# Try it:
The line containing "Contrast Frame ribbed" and all lines following it in the listing below are to be reproduced exactly, with no other lines.
** Opening Study material block **
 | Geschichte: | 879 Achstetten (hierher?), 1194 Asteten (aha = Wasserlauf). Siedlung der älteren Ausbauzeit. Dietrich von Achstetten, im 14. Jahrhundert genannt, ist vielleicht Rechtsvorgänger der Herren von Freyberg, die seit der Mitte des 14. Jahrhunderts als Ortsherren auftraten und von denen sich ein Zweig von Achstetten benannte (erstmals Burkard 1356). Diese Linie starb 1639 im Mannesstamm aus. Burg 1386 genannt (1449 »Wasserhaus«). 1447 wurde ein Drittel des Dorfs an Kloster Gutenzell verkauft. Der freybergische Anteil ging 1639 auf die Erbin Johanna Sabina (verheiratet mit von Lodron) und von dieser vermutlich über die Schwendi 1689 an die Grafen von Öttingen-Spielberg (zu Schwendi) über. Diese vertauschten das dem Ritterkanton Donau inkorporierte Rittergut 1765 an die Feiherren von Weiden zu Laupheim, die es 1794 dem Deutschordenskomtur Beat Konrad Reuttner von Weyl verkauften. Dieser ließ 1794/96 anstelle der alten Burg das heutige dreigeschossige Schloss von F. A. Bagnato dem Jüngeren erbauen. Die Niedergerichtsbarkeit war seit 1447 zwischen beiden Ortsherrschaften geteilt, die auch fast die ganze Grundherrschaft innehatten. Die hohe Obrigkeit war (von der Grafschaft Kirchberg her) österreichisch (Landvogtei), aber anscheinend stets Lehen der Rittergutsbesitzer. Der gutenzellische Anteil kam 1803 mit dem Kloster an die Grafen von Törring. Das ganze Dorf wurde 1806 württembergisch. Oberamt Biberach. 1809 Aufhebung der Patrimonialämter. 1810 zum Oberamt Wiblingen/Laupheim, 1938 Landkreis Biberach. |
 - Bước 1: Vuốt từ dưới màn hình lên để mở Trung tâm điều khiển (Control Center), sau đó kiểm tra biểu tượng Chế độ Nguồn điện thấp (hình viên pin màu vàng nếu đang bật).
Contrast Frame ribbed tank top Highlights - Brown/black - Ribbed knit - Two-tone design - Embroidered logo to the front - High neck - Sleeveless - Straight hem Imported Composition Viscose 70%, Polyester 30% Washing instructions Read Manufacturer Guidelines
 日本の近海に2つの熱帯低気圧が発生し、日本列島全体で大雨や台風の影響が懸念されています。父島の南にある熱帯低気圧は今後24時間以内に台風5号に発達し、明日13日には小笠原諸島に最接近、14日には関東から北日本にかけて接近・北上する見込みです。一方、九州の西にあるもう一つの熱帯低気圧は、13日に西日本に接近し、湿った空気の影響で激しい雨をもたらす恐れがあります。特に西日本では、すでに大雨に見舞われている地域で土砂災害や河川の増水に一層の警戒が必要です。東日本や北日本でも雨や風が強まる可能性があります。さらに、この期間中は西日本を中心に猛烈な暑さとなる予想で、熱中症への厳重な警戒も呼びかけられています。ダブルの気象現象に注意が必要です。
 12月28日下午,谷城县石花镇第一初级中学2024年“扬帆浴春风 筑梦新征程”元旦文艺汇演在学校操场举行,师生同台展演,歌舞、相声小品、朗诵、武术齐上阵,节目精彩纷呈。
** Closing Study material block **
# Written response:
Contrast Frame ribbed tank top Highlights - Brown/black - Ribbed knit - Two-tone design - Embroidered logo to the front - High neck - Sleeveless - Straight hem Imported Composition Viscose 70%, Polyester 30% Washing instructions Read Manufacturer Guidelines
 日本の近海に2つの熱帯低気圧が発生し、日本列島全体で大雨や台風の影響が懸念されています。父島の南にある熱帯低気圧は今後24時間以内に台風5号に発達し、明日13日には小笠原諸島に最接近、14日には関東から北日本にかけて接近・北上する見込みです。一方、九州の西にあるもう一つの熱帯低気圧は、13日に西日本に接近し、湿った空気の影響で激しい雨をもたらす恐れがあります。特に西日本では、すでに大雨に見舞われている地域で土砂災害や河川の増水に一層の警戒が必要です。東日本や北日本でも雨や風が強まる可能性があります。さらに、この期間中は西日本を中心に猛烈な暑さとなる予想で、熱中症への厳重な警戒も呼びかけられています。ダブルの気象現象に注意が必要です。
 12月28日下午,谷城县石花镇第一初级中学2024年“扬帆浴春风 筑梦新征程”元旦文艺汇演在学校操场举行,师生同台展演,歌舞、相声小品、朗诵、武术齐上阵,节目精彩纷呈。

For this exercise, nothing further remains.